In the recent U-19 World Cup, 12 of Saumy’s 18 wickets were lbw or bowled, mostly with good-length balls. With his disciplined, stump-to-stump left-arm spin, some in the cricketing fraternity have already started drawing comparisons with India’s star allrounder Ravindra Jadeja.

“He has variations which he uses by coming from different angles, not just by changing his line and length,” Anthony says. “He knows when to go wide of the crease, when to bowl from close to the stumps, when to flight the ball from over the wicket and when to bowl flat from around the wicket. He has a simple action and along with taking wickets, he also knows how to stop the flow of runs.”

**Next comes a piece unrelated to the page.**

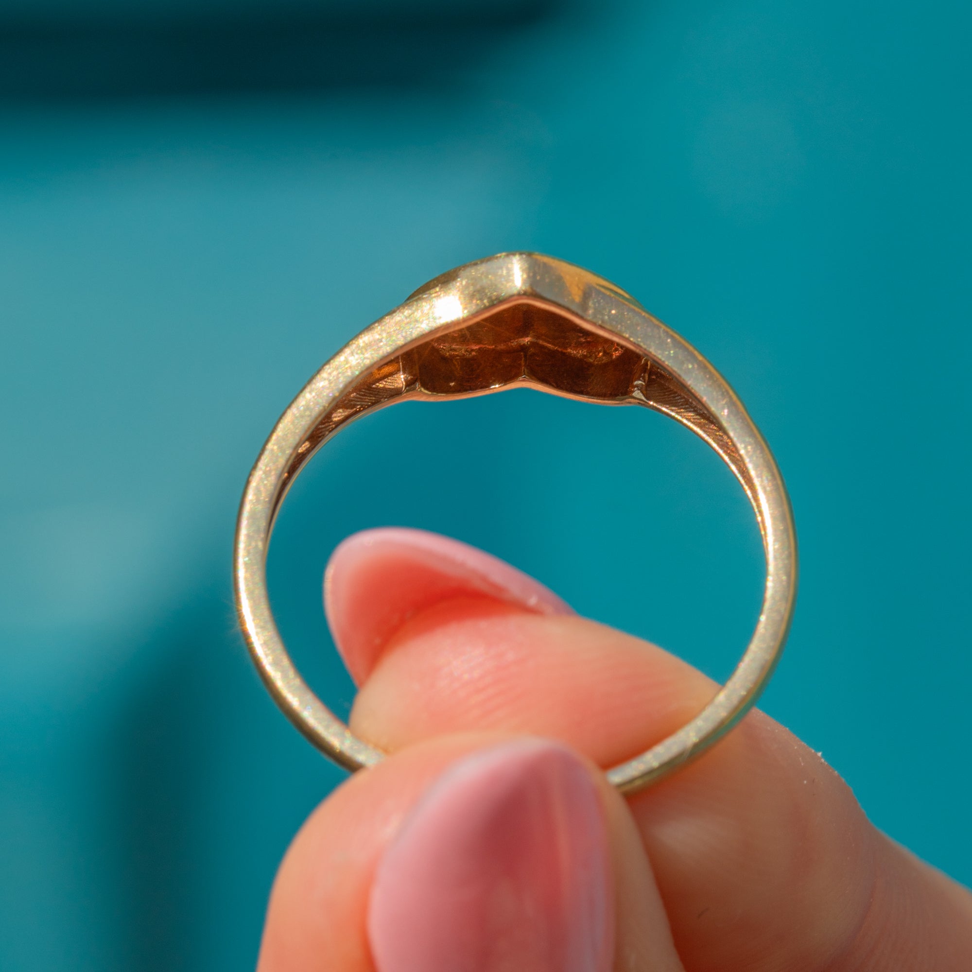 VERY GOOD-EXCELLENT: This 9ct Gold heart signet ring is in wonderful condition. The Gold is buttery with a high-shine polish and only mild surface wear, expected with age. The band has held its form well, with no dings or dents, and is smooth and comfortable to wear!

Both Anthony and Kumar don’t encourage the comparisons with Jadeja, pointing out that Saumy has a long way to go and the U-19 World Cup is only the first step. Success at the World Cup also fetched Saumy a few offers from IPL teams to be a net bowler in their preparatory camps, but he turned these down after consulting with his father and his coach. Kumar says Saumy should target a spot in first-class cricket before going to the IPL, and the coach is with him on that.